As the rest of the hostages continued to laugh at Rooney, Conlan did his best to recall some of his army training. He counted the grenades on the kidnappers’ chests, eyed the guns they carried, the batons, the bulge at the waist of their robes where bulletproof vests seemed to end.

He slid a couple of feet to the left in his pew, nothing too obvious, nothing to draw any attention.

“Todd,” he whispered.

“What’s up?” the New York Giants football star murmured near his ear.

“Is Brown with us?” The real estate tycoon was a big man, in his fifties, who looked to be in pretty good shape.

“He’s psyched,” the athlete said. “He talked to Rubenstein. Rubenstein’s going to try to get the mayor on board.”

Conlan was glad the quarterback was with them. Out of all of them, the six-four, two-hundred-thirty-pound athlete had the best shot at physically overpowering one of the hijackers.

“That’s progress,” Conlan said to Snow out of the corner of his mouth. “With Rooney, that makes at least five of us. The more, the better our chances.”

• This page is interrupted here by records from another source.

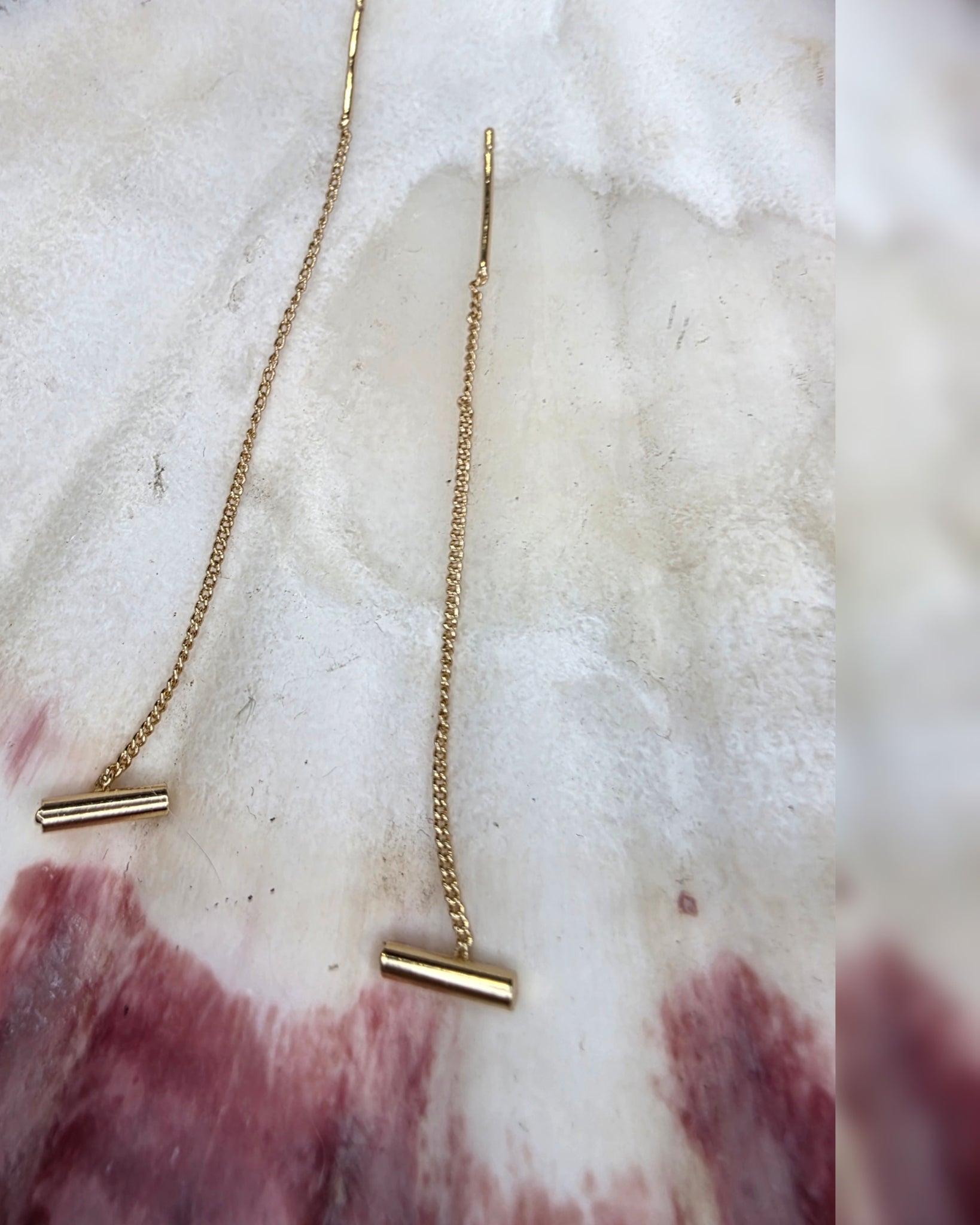 Be sure to use the little silicone earring back pressed gently up against back of the ear to keep this chain from slipping out of your ear. Don't pull too hard the chains are dainty. These can be worn in any of your piercings to create a unique look.
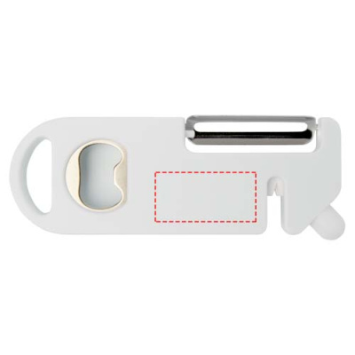 Этот многофункциональный кухонный инструмент объединяет четыре основные функции в одном компактном корпусе. Изготовленный из переработанной пластмассы, он оснащен овощечисткой, открывалкой для бутылок, точилкой для ножей и заостренным наконечником для удаления пятен с картофеля. Встроенное отверстие для подвешивания обеспечивает удобство хранения. Практичный и компактный, он станет универсальным помощником для каждого домашнего повара.
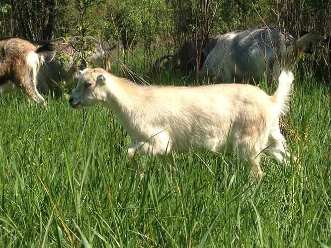 Тося умная и очень сообразительная. Шкодная, конечно, как все дети. Но чётко знает когда можно шкодить, а когда лучше воздержаться. Её мама Тофсла - главная моя помощница на выпасе. Летом, бывает, козы как уйдут куда-то из поля моего зрения. Сделать это не сложно, т.к. трава высока или кусты … А вот Тофсла всегда будет там, где я её сразу нахожу. Увидит, что я иду и ведёт меня туда, куда стадо утопало.

“What’s our move?” the quarterback asked.

“This is between me and you for now. You know how they frisked us? Took away our cell phones and wallets?” Conlan said.

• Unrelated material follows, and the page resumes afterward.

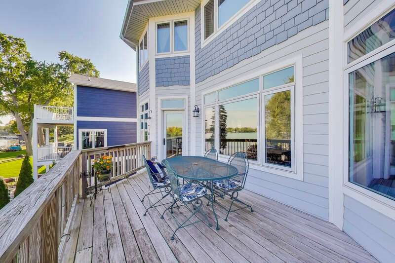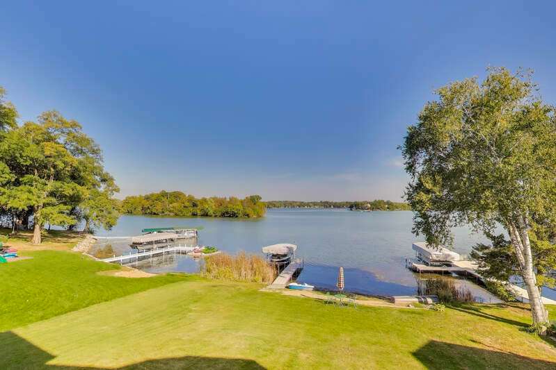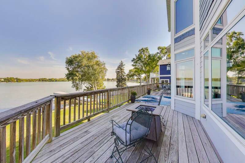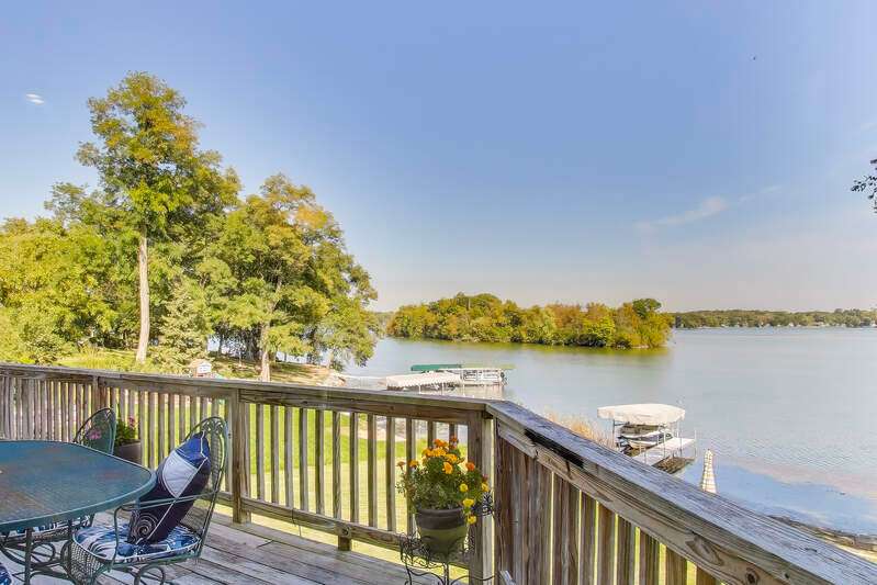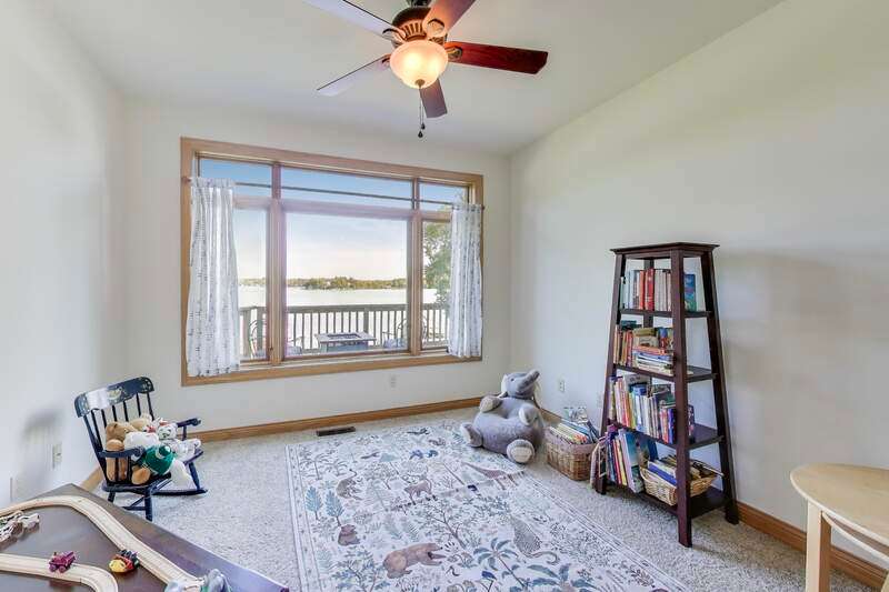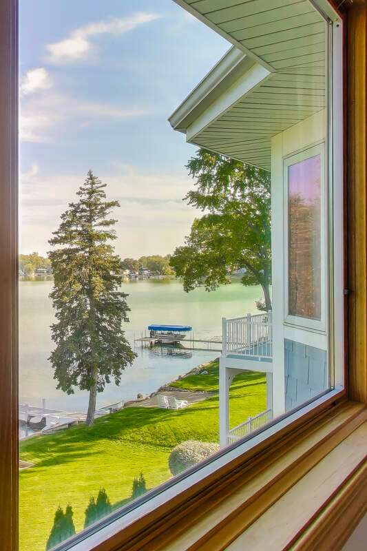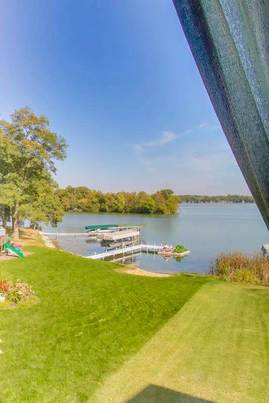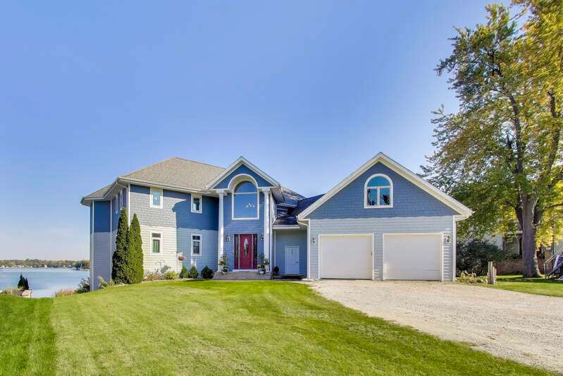 Overlooking the sparkling waters of Browns Lake, this 5-bedroom, 4.5-bath custom two-story home is designed to showcase sweeping views from nearly every room. Inside, open-concept living with vaulted ceilings and a massive kitchen sets the stage for gatherings. Both the first and second floors offer private primary bedrooms, while a huge 3-car attached garage adds convenience. A mostly level front yard gives effortless access to the shoreline, and the walk-out lower level with floor-to-ceiling windows awaits your finishing touch. With 85 feet of prime frontage on a 397-acre, 44-ft-deep full-sport lake, enjoy boating, fishing, and year-round recreation.

He paused as Rooney told another joke.

“They missed the.twenty-two in my boot,” Conlan whispered.

There, he’d said it, he thought. He didn’t have a gun, but survival meant keeping up people’s spirits, keeping them hopeful and motivated to act when the time was right.

Conlan glanced up at the altar when he heard more applause. Rooney was taking a bow now. The show was over.

“We’ve got a shot,” the quarterback said through the clapping. “Say the word. We go. We roll.”

Chapter 41

THE NEAT MAN WINCED as he probed a gloved hand behind the pay phone in the kiosk on the northwest corner of 51st and Madison. The sour reek of stale urine rising from the phone’s pedestal teared his eyes as he groped around blindly. Where the hell was the device?

Of all the places to set up a rendezvous, he thought as his fingers finally, mercifully found the plastic-coated wire behind the steel box.

Yet another bullet point in their plan, he noted as he clipped a phone company dial set across the pair of hidden colored wires. Three weeks before, his boys had actually snaked a pair of phone lines through a street duct in the rectory basement, into the corner phone company manhole, and, from the manhole, up the pay phone duct here to the street. Anticipating that all cell phone and landline transmissions in and out of the church would be monitored, they had created their own undocumented line.

The Neat Man checked his watch as he lifted the dial set to his ear.

At exactly 6:00 p.m., there was a crackle as one of the hijackers inside St. Patrick’s attached a simple nine-volt battery to the opposite end of the line, powering it. Instead of going high tech, they had outwitted the dopes by going low tech. He had every angle covered, right through to the dramatic climax and escape, which, he had to admit, was a real doozy.